▸ **What you will do**
Only the text should come through, so restate the listing exactly and drop its images.

▸ **Data shown**
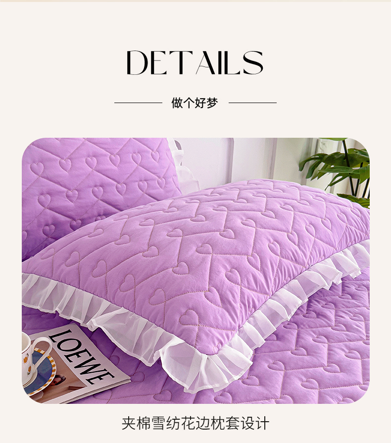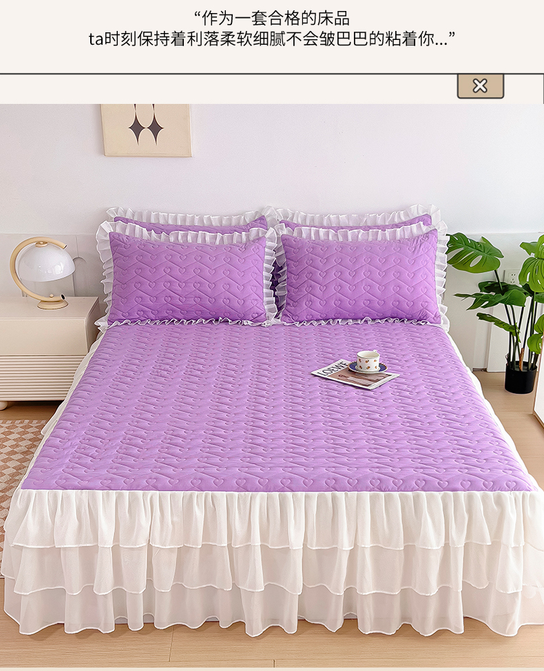 (总)屹成家纺2025新款水晶绒夹棉绗缝蕾丝床裙三件套(塞纳河畔)床裙单件起售价不低于105元,大红,豆沙,翡翠绿,粉玉,橄榄绿,蔚蓝,银灰
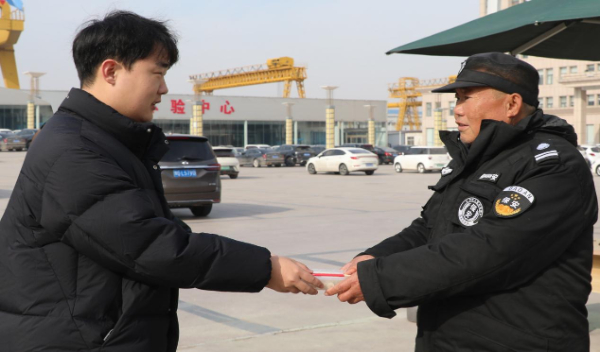 12月21日,大方控股集团有限公司员工为值班保安送去饺子。(韩晴 摄)
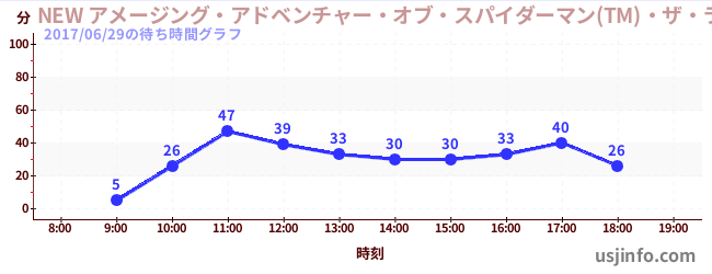• NEW アメージング・アドベンチャー・オブ・スパイダーマン(TM)・ザ・ライド 4K3D$B$N(B2017年06月29日の待ち時間
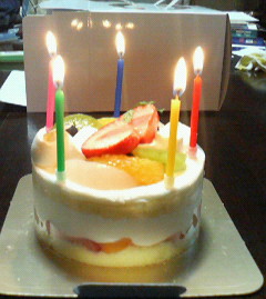 母親が仕事帰りにケーキを買ってくるらしいです。多分、ショートケーキを人数分買ってくるのだろう…と思うのですが、同じ買うなら、円形にして欲しいと思っています。お店の人に…「すいません!ろうそく35本ください」母親は決してこんなこっぱ恥ずかしいことを言えるはずがありません。でも、娘のためなら、言って欲しい気もちょっとします。::それからそれから!:さっき、母親が帰宅しました。小さな円形のケーキを買ってきました。お店の人に「ろうそくください」と言って、「何本いりますか?」と聞かれたらしく「5本です」と言ったそうな。10の位は割愛されてしまいました。今日だけは「5歳」です(笑)。あとは何もなさそうなお誕生日。宴はちびっと例の日本酒を呑む位かな。今晩は「うどんすき」だし…。明日以降に買ったお洋服の代金にお酒代を入金しないといけない。…思いっきり「現実」に戻っています。トホホ。
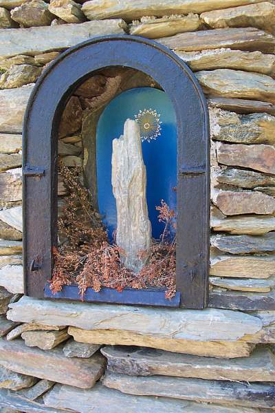 la statue de la Vierge est une pierre brute
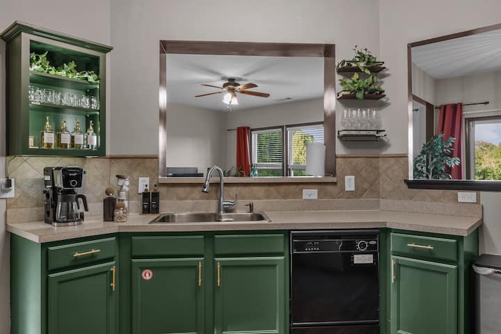 La cocina está bien equipada con ollas, sartenes y utensilios de cocina nuevos. Encuentra todo lo que necesitas para cocinar una comida deliciosa y aprovecha los pequeños electrodomésticos como una cafetera Keurig, cápsulas de café, tostadora, licuadora y más.
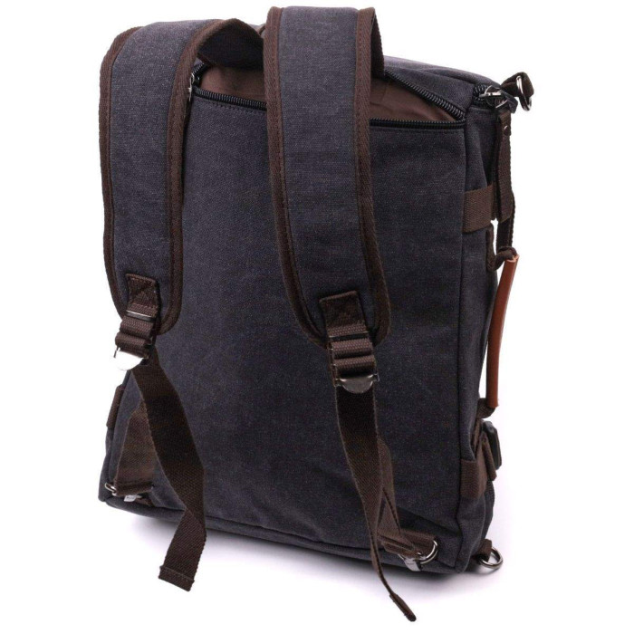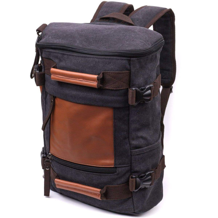 Багатофункціональний рюкзак трансформер чорного кольору із щільного текстилю. Рюкзак дуже місткий. На лицьовій стороні рюкзак має кілька ручок для носіння в руках. Виріб має дуже практичний функціонал. Рюкзак підійде для подорожей та відряджень. Усередині рюкзака є ущільнена кишеня для ноутбука. Незважаючи на свій великий розмір, рюкзак не важкий. Закривається рюкзак на блискавку. Усередині – якісна підкладка.
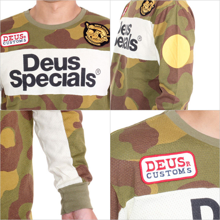 カモフラージュメッシュの切り替えボディに、DEUSオリジナルロゴプリント、そしてパッチがデザインされたレベルの高い仕上がり。
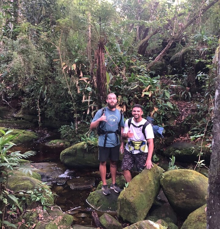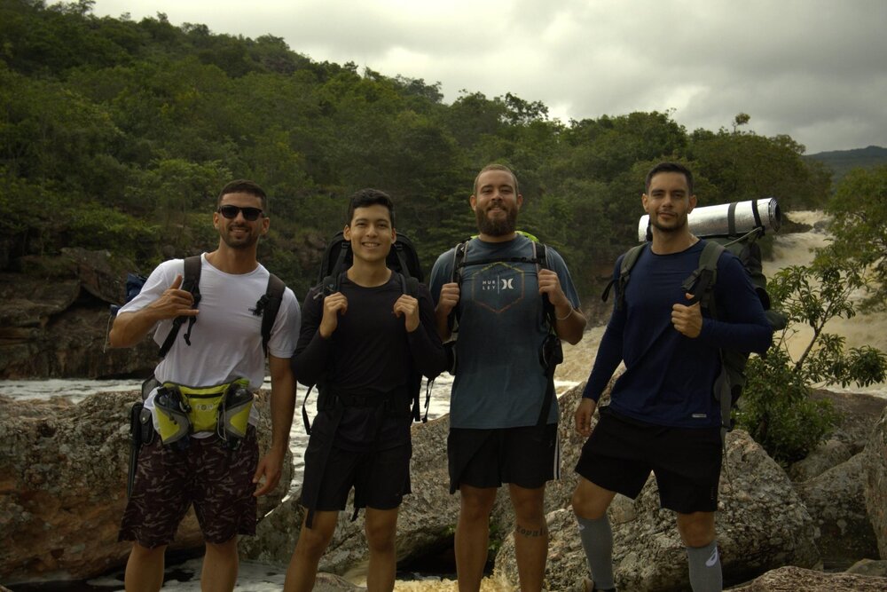 Relato completo: https://sites.google.com/takedas.com/os-irresponsveis/fumaça-por-baixo-o-início Instagram com fotos de viagens: https://www.instagram.com/viagens_e_musica/?igsh=MW9wMjVqZm90OHYzMQ%3D%3D&utm_source=qr# Valeu a pena? Tudo vale a pena Se a alma não é pequena. Quem quer passar além do Bojador Tem que passar além da dor. Deus ao mar o perigo e o abismo deu, Mas nele é que espelhou o céu. Fernando Pessoa A ideia Tudo começou a partir de conversas na academia, onde eu (Yan) e Raphael falávamos sobre trilhas e viagens as quais queríamos fazer ou que já tínhamos feito. A conversa fluía e sempre o assunto era o mesmo. Então, por que não fazermos uma trilha juntos? E por que não a trilha mais difícil da chapada diamantina, a cachoeira da fumaça por baixo? Assim definimos que iríamos. Faltava, então, mais pessoas para completar. Assim chamei um conhecido meu na época, ex-namorado de uma das minhas melhores amigas. Já tinha viajado uma vez com ele, mas não poderia considerá-lo amigo. Esse é Christian. Raphael por sua vez chamou outro conhecido, Otávio, também da academia. A trilha estava definida. Cachoeira da fumaça por baixo. Restava definir então o caminho por onde subiríamos. Serra do macaco, a mais demorada e que precisaríamos de mais um dia, ou uma tal de fenda da fumaça, a mais difícil, que nos faria economizar um dia? Não tínhamos mais um dia, então tinha que ser a fenda da fumaça. Trilha definida, planejamento feito, logística organizada e equipe formada. Agora é começar o que foi até então uma das melhores experiências da minha vida. A trilha - Dia 1 Saímos de salvador 3 da manhã de um sábado. Era um feriadão e só tínhamos 3 dias. Entramos no carro, apresentei Chris à Rapha e Otávio que, até então, não se conheciam. Começamos a viagem tocando um bom rock/reggae que todos no carro gostam e cantamos a viagem toda. Chegamos em Lençóis e começamos a trilha por volta de 8 da manhã. A primeira parte da trilha era atravessar o Rio Ribeirão que em condições normais é só sair pulando pedra. Assim começou nosso primeiro desafio, o rio estava completamente cheio e com uma correnteza absurda. Ficamos 2 horas procurando e pensando por onde passar com as mochilas, mas sem achar uma solução. Não tinha opção fácil, a correnteza estava forte e nos levaria facilmente se tentássemos atravessar com a mochila. Vamos desistir então? Voltar para Lençóis, ir para uma pousada e beber a noite toda pensando no que poderíamos ter feito? Não era uma opção. Eu estava sonhando com a fumaça por baixo. Já tinha visto ela por cima diversas vezes e vê-la por baixo foi uma promessa que me fiz quando criança, a primeira vez que subi. Pegamos então o cordelete de escalada, atravessamos nadando sem a cargueira, amarramos dos dois lados e fomos passando uma por uma se apoiando na corda. 3b834b17-17b6-46fd-b2d7-ed44c7372e46.MP4 Conseguimos passar. Logo após começou a subida da serra do veneno no sol desgastante do meio dia. Subida sofrida que levou pelo menos duas horas entre lajedos, brejos inundados e samambaias que deixaram cortes para levarmos de lembrança. Finalmente, terminando a serra, adentramos a parte mais central onde estávamos cercados de paredões gigantes que já refletiam o dourado do sol, indicando o início do fim da tarde. Começamos então a descida para o córrego da muriçoca, onde paramos para encher as águas e subirmos para o mirante da toca da onça, lugar que é possível avistar a cachoeira da capivara. Começou então a descida para a cachoeira do palmital, onde tive um dos maiores sustos da minha vida. Era fim da tarde e estávamos cansados, andando o mais rápido possível para aproveitar ao máximo a luz que nos restava. Era um trecho complicado e eu tinha que ficar muito atento ao GPS para não perder a trilha. De repente, em questão de segundos, ouço um movimento rápido bem na minha frente e um som de chocalho inconfundível. Uma cascável enrolada, avisando e preparada para dar o bote em caso de ameaça, a um palmo de distância da minha bota. Imediatamente, literalmente pela minha vida, dei um pulo para trás e fiquei passando a mão na minha perna. Fui picado? E agora? Estamos a 6 horas de qualquer lugar. Felizmente não fui picado e estou aqui para contar. Desviei o caminho rapidamente e seguimos o rumo. Logo após a adrenalina passar veio na minha mente o mais sincero pensamento: se eu fosse picado eu estaria morto. Sim. Morto. Sensação estranha que não sei descrever. Chegamos enfim no palmital, onde não seria o nosso acampamento pelo planejamento. A ideia era dormir na cachoeira do Capivari ou até na toca do macaco, mas já era noite e o dia foi longo. Preparei o tradicional (hoje virou tradição) bolonhesa. Um dos momentos mais esperados do dia, comer o macarrão quente com um queijo parmesão ralado acompanhado de uma garrafa de vinho para cada pessoa depois de 20 km de trilha. Nada mal. A trilha - Dia 2 Começamos o dia tarde às 8 da manhã sem a mínima noção do que nos esperava pelas próximas 14 horas. Fomos até a cachoeira do palmital que foi uma bela surpresa. Lugar entocado, coberto de musgo e de beleza única, diferente de todas as outras cachoeiras. Saímos e fomos então a caminho da cachoeira do Capivari para seguirmos para a tão esperada fumaça por baixo. Hoje era dia dela. Chegamos, enfim, ao vale da cachoeira da fumaça às 12:30. Uma mudança completa de cenários. Saímos de um local de mata atlântica mais fechada (toca do macaco) para uma mata cujos raios solares passavam por entre as folhas criando um visual de filme. Mágico. Mais perto da fumaça o cenário mudou. Pedras maiores surgem e os incansáveis pula pedra são trocados por uma trilha cruzando a mata na lateral esquerda. WhatsApp Video 2025-04-02 at 12.33.36.mp4 Por volta das 15h foi o grandioso momento. Chegamos na fumaça por baixo e, não, não era o que eu imagina. Isso porque é impossív

▸ **Solution to this task**
 (总)屹成家纺2025新款水晶绒夹棉绗缝蕾丝床裙三件套(塞纳河畔)床裙单件起售价不低于105元,大红,豆沙,翡翠绿,粉玉,橄榄绿,蔚蓝,银灰
 12月21日,大方控股集团有限公司员工为值班保安送去饺子。(韩晴 摄)
• NEW アメージング・アドベンチャー・オブ・スパイダーマン(TM)・ザ・ライド 4K3D$B$N(B2017年06月29日の待ち時間
 母親が仕事帰りにケーキを買ってくるらしいです。多分、ショートケーキを人数分買ってくるのだろう…と思うのですが、同じ買うなら、円形にして欲しいと思っています。お店の人に…「すいません!ろうそく35本ください」母親は決してこんなこっぱ恥ずかしいことを言えるはずがありません。でも、娘のためなら、言って欲しい気もちょっとします。::それからそれから!:さっき、母親が帰宅しました。小さな円形のケーキを買ってきました。お店の人に「ろうそくください」と言って、「何本いりますか?」と聞かれたらしく「5本です」と言ったそうな。10の位は割愛されてしまいました。今日だけは「5歳」です(笑)。あとは何もなさそうなお誕生日。宴はちびっと例の日本酒を呑む位かな。今晩は「うどんすき」だし…。明日以降に買ったお洋服の代金にお酒代を入金しないといけない。…思いっきり「現実」に戻っています。トホホ。
 la statue de la Vierge est une pierre brute
 La cocina está bien equipada con ollas, sartenes y utensilios de cocina nuevos. Encuentra todo lo que necesitas para cocinar una comida deliciosa y aprovecha los pequeños electrodomésticos como una cafetera Keurig, cápsulas de café, tostadora, licuadora y más.
 Багатофункціональний рюкзак трансформер чорного кольору із щільного текстилю. Рюкзак дуже місткий. На лицьовій стороні рюкзак має кілька ручок для носіння в руках. Виріб має дуже практичний функціонал. Рюкзак підійде для подорожей та відряджень. Усередині рюкзака є ущільнена кишеня для ноутбука. Незважаючи на свій великий розмір, рюкзак не важкий. Закривається рюкзак на блискавку. Усередині – якісна підкладка.
 カモフラージュメッシュの切り替えボディに、DEUSオリジナルロゴプリント、そしてパッチがデザインされたレベルの高い仕上がり。
 Relato completo: https://sites.google.com/takedas.com/os-irresponsveis/fumaça-por-baixo-o-início Instagram com fotos de viagens: https://www.instagram.com/viagens_e_musica/?igsh=MW9wMjVqZm90OHYzMQ%3D%3D&utm_source=qr# Valeu a pena? Tudo vale a pena Se a alma não é pequena. Quem quer passar além do Bojador Tem que passar além da dor. Deus ao mar o perigo e o abismo deu, Mas nele é que espelhou o céu. Fernando Pessoa A ideia Tudo começou a partir de conversas na academia, onde eu (Yan) e Raphael falávamos sobre trilhas e viagens as quais queríamos fazer ou que já tínhamos feito. A conversa fluía e sempre o assunto era o mesmo. Então, por que não fazermos uma trilha juntos? E por que não a trilha mais difícil da chapada diamantina, a cachoeira da fumaça por baixo? Assim definimos que iríamos. Faltava, então, mais pessoas para completar. Assim chamei um conhecido meu na época, ex-namorado de uma das minhas melhores amigas. Já tinha viajado uma vez com ele, mas não poderia considerá-lo amigo. Esse é Christian. Raphael por sua vez chamou outro conhecido, Otávio, também da academia. A trilha estava definida. Cachoeira da fumaça por baixo. Restava definir então o caminho por onde subiríamos. Serra do macaco, a mais demorada e que precisaríamos de mais um dia, ou uma tal de fenda da fumaça, a mais difícil, que nos faria economizar um dia? Não tínhamos mais um dia, então tinha que ser a fenda da fumaça. Trilha definida, planejamento feito, logística organizada e equipe formada. Agora é começar o que foi até então uma das melhores experiências da minha vida. A trilha - Dia 1 Saímos de salvador 3 da manhã de um sábado. Era um feriadão e só tínhamos 3 dias. Entramos no carro, apresentei Chris à Rapha e Otávio que, até então, não se conheciam. Começamos a viagem tocando um bom rock/reggae que todos no carro gostam e cantamos a viagem toda. Chegamos em Lençóis e começamos a trilha por volta de 8 da manhã. A primeira parte da trilha era atravessar o Rio Ribeirão que em condições normais é só sair pulando pedra. Assim começou nosso primeiro desafio, o rio estava completamente cheio e com uma correnteza absurda. Ficamos 2 horas procurando e pensando por onde passar com as mochilas, mas sem achar uma solução. Não tinha opção fácil, a correnteza estava forte e nos levaria facilmente se tentássemos atravessar com a mochila. Vamos desistir então? Voltar para Lençóis, ir para uma pousada e beber a noite toda pensando no que poderíamos ter feito? Não era uma opção. Eu estava sonhando com a fumaça por baixo. Já tinha visto ela por cima diversas vezes e vê-la por baixo foi uma promessa que me fiz quando criança, a primeira vez que subi. Pegamos então o cordelete de escalada, atravessamos nadando sem a cargueira, amarramos dos dois lados e fomos passando uma por uma se apoiando na corda. 3b834b17-17b6-46fd-b2d7-ed44c7372e46.MP4 Conseguimos passar. Logo após começou a subida da serra do veneno no sol desgastante do meio dia. Subida sofrida que levou pelo menos duas horas entre lajedos, brejos inundados e samambaias que deixaram cortes para levarmos de lembrança. Finalmente, terminando a serra, adentramos a parte mais central onde estávamos cercados de paredões gigantes que já refletiam o dourado do sol, indicando o início do fim da tarde. Começamos então a descida para o córrego da muriçoca, onde paramos para encher as águas e subirmos para o mirante da toca da onça, lugar que é possível avistar a cachoeira da capivara. Começou então a descida para a cachoeira do palmital, onde tive um dos maiores sustos da minha vida. Era fim da tarde e estávamos cansados, andando o mais rápido possível para aproveitar ao máximo a luz que nos restava. Era um trecho complicado e eu tinha que ficar muito atento ao GPS para não perder a trilha. De repente, em questão de segundos, ouço um movimento rápido bem na minha frente e um som de chocalho inconfundível. Uma cascável enrolada, avisando e preparada para dar o bote em caso de ameaça, a um palmo de distância da minha bota. Imediatamente, literalmente pela minha vida, dei um pulo para trás e fiquei passando a mão na minha perna. Fui picado? E agora? Estamos a 6 horas de qualquer lugar. Felizmente não fui picado e estou aqui para contar. Desviei o caminho rapidamente e seguimos o rumo. Logo após a adrenalina passar veio na minha mente o mais sincero pensamento: se eu fosse picado eu estaria morto. Sim. Morto. Sensação estranha que não sei descrever. Chegamos enfim no palmital, onde não seria o nosso acampamento pelo planejamento. A ideia era dormir na cachoeira do Capivari ou até na toca do macaco, mas já era noite e o dia foi longo. Preparei o tradicional (hoje virou tradição) bolonhesa. Um dos momentos mais esperados do dia, comer o macarrão quente com um queijo parmesão ralado acompanhado de uma garrafa de vinho para cada pessoa depois de 20 km de trilha. Nada mal. A trilha - Dia 2 Começamos o dia tarde às 8 da manhã sem a mínima noção do que nos esperava pelas próximas 14 horas. Fomos até a cachoeira do palmital que foi uma bela surpresa. Lugar entocado, coberto de musgo e de beleza única, diferente de todas as outras cachoeiras. Saímos e fomos então a caminho da cachoeira do Capivari para seguirmos para a tão esperada fumaça por baixo. Hoje era dia dela. Chegamos, enfim, ao vale da cachoeira da fumaça às 12:30. Uma mudança completa de cenários. Saímos de um local de mata atlântica mais fechada (toca do macaco) para uma mata cujos raios solares passavam por entre as folhas criando um visual de filme. Mágico. Mais perto da fumaça o cenário mudou. Pedras maiores surgem e os incansáveis pula pedra são trocados por uma trilha cruzando a mata na lateral esquerda. WhatsApp Video 2025-04-02 at 12.33.36.mp4 Por volta das 15h foi o grandioso momento. Chegamos na fumaça por baixo e, não, não era o que eu imagina. Isso porque é impossív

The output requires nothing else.